The most painful times in my mindfulness practice have been allowing myself to observe my most painful, heartbroken, angry, scary, helpless feelings and thoughts while minimizing judgment. It is still painful. But by doing my best to observe and withhold judgment, I am able to reduce the heat enough in order to withstand it. In doing so, I have not only found emotional survival but reduced suffering and at times, I even find myself to be in a place of peace.
In many ways, I am a careful person. I take pains to prevent fires. I don’t like crises. But I have learned to be more courageous and hold tightly to my roots, because there is no other way to stay whole.
Well written and heartfelt.
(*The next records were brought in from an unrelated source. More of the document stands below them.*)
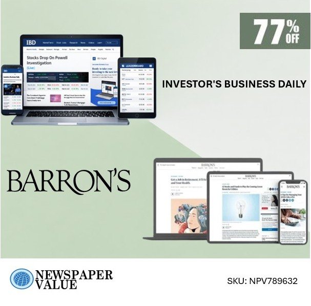 Stay ahead of the market with this premium digital bundle that combines Investor’s Business Daily (IBD) and Barron’s, two of the most trusted names in stock market news, investing strategies, and financial analysis. This subscription is ideal for investors who want reliable insights, stronger decision-making tools, and smarter ways to follow market trends.
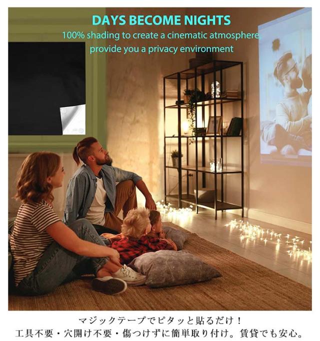 遮光シート 真っ黒 目隠し 貼るだけ マジックテープ付き 遮熱フィルム 遮光カーテン 日よけシート UVカット 防水 断熱シート 浴室 窓ガラス 部屋 オフィス 紫外線 西日対策 省エネ 暖房冷房効率UP 2m 3m
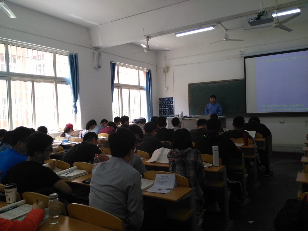 聘用外籍教师为中美应化专业学生开设高水平专业英语课程是本专业培养计划的重要组成部分,Zhu博士在讲解分析化学基础知识的基础上,善于结合实际案例进行讲解,将基础理论知识融于具体的应用研究中帮助学生理解,教学中适当插入日化用品中的分析化学,该教学特色极大地调动了学生的学习热情。
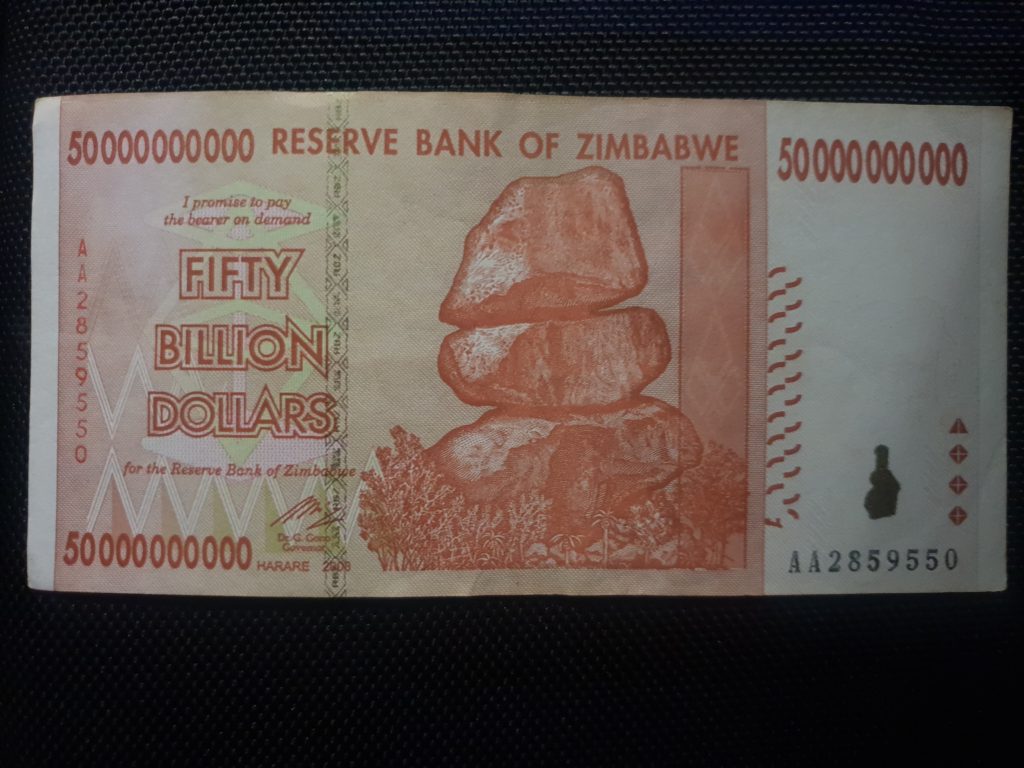 We arrived in the town of Hwange, today a town supporting the huge mines and quarries in the area, and made a few purchases at their large supermarket. The currency for the locals is the new Zimbabwe dollar, recently introduced because inflation had driven the largest note of the old currency in the country to 50 billion dollars – yes, that’s $50,000,000,000. Today the exchange rate seems to be quite variable, anywhere from two to three New Zimbabwe Dollars to the US dollar depending on where you are. Prices in the supermarket were in Zimbabwe dollars but we paid in US dollars.
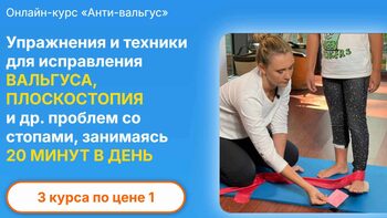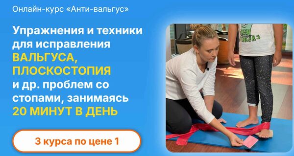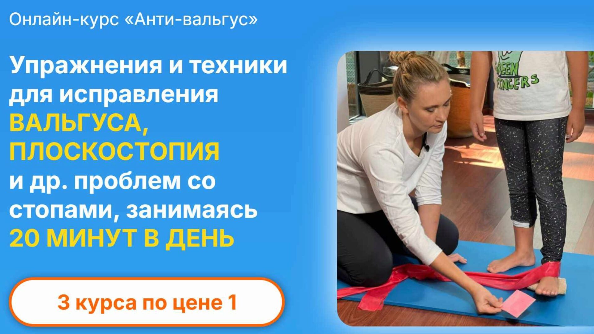 Узнайте, как исправить вальгус, плоскостопие и другие проблемы со стопами ребенка с помощью домашних упражнений по 15 минут в день Курс «Анти-вальгус» для вас, если у ребенка есть один или несколько из перечисленных признаков: Обувь стаптывается на одну сторону Стопы заваливаются внутрь Походка
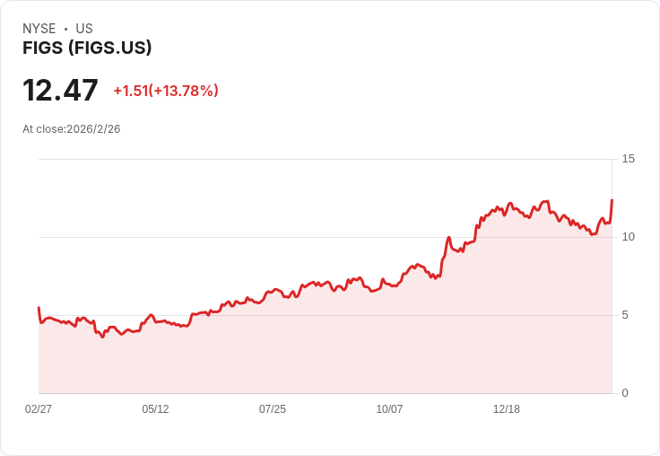 Figs Inc.(NYSE:FIGS)在週四的交易中表現亮眼,股價一度攀升至12.66美元,創下近四年的新高。投資者對其去年的優異表現及今年雙位數的營收增長展望反應熱烈。根據最新報告,Figs 去年的淨收入達到3425萬美元,較2024年的272萬美元大幅增長1159%;而營收則從5.55億美元增加至6.31億美元,增幅為13.7%。
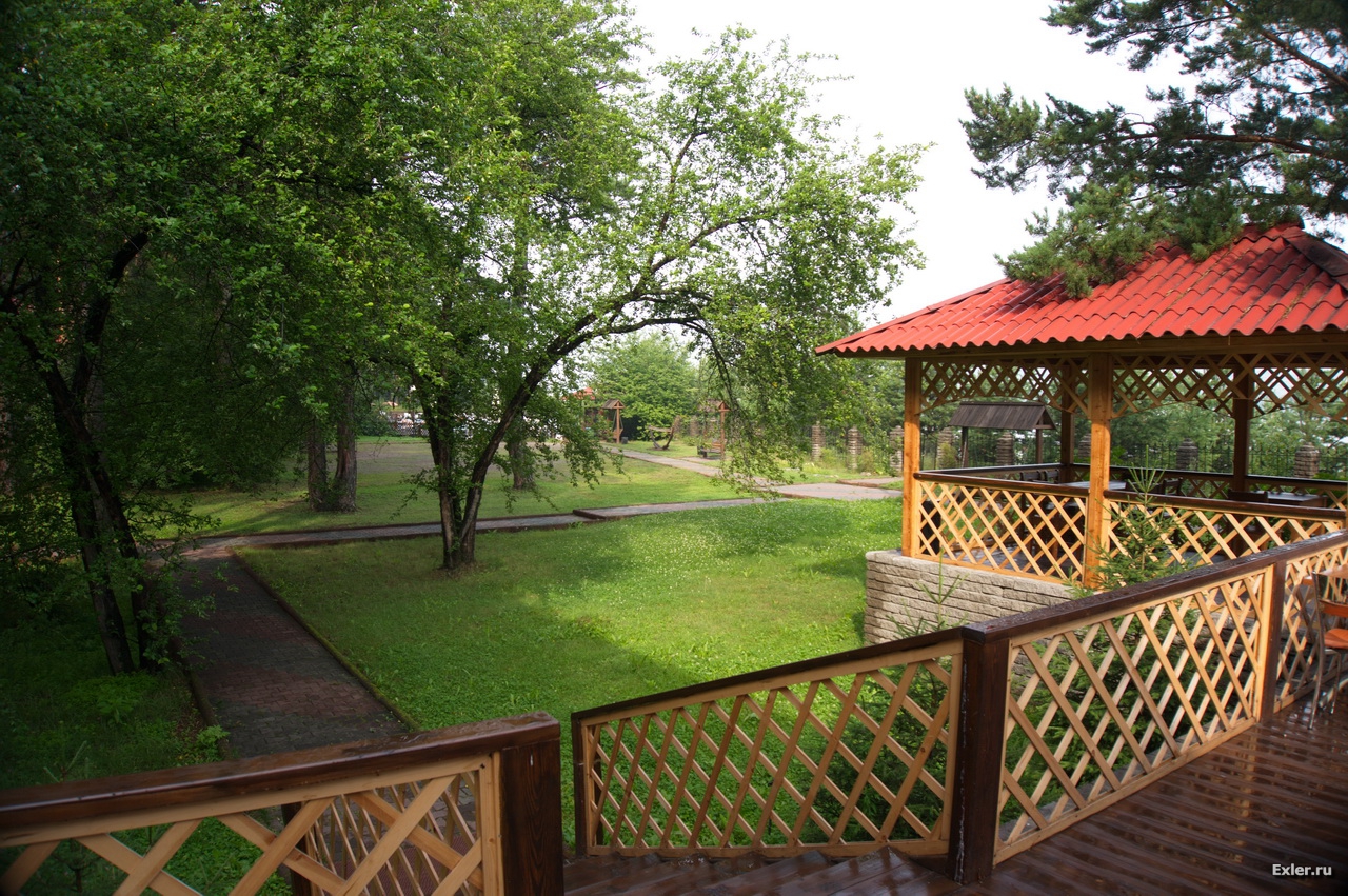 Территория дома отдыха: всякие веранды, домики, газончики и все такое.
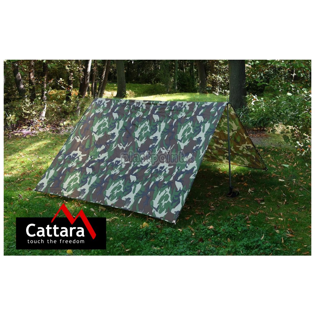 Ľahká celta v lesnej kamufláži s rozmermi 2 x 3 m.
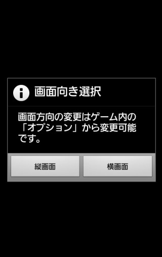 初回起動時のみ縦横画面の選択があり、その後の起動は全て選択した画面の向きとなります。
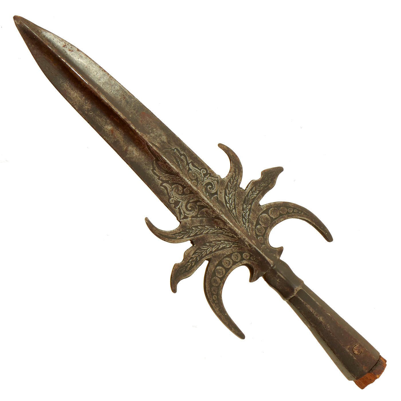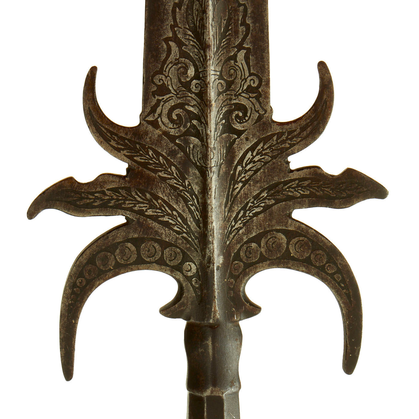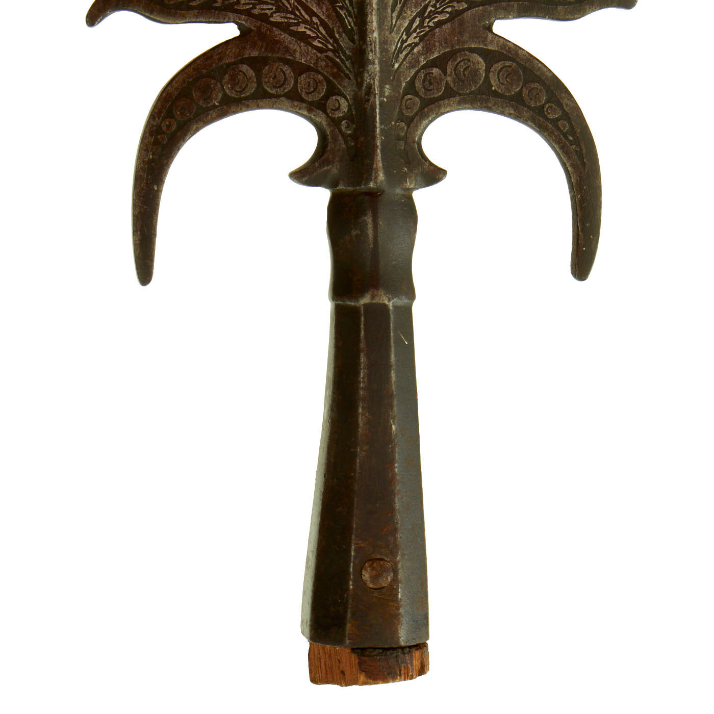 This polearm head is a hybrid of the Partisan and Spontoon and is simply referred to as “Partisa-Spontoon” to keep it simple. The design and distinct shape aided in identifying it as a French example and dating to the Mid to Late 17th Century, around the time France was involved in multiple ongoing conflicts. The condition is excellent with the etched designs still clear and stunning in appearance. It measures approximately 11 inches in length with the widest point measuring 4 inches.
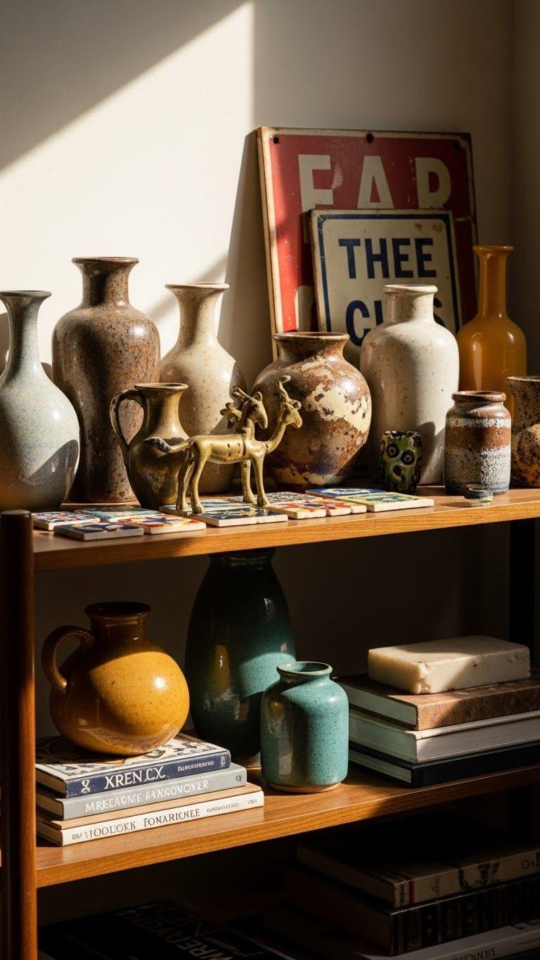 Mix in mismatched treasures to create a display that feels curated, not cluttered — start with a sturdy shelf or console as your anchor, then layer objects of varied scale, texture, and era so each piece gets its moment. You’ll mix thrifted mosaics, brass kitsch, worn ceramics and vintage signage; group by color or story, leave breathing room, swap pieces freely to keep the look alive.

Your analogies were beautiful comparing your own inner demons and fires with those of history and nature. I can feel your struggles and understand them well. My husband has been doing the terminal cancer dance the last two years. I have great empathy. I too live in Washington.
Candia, I am so sorry that your husband has terminal cancer. Thank you kindly for your empathy. I wish you love, comfort, and peace.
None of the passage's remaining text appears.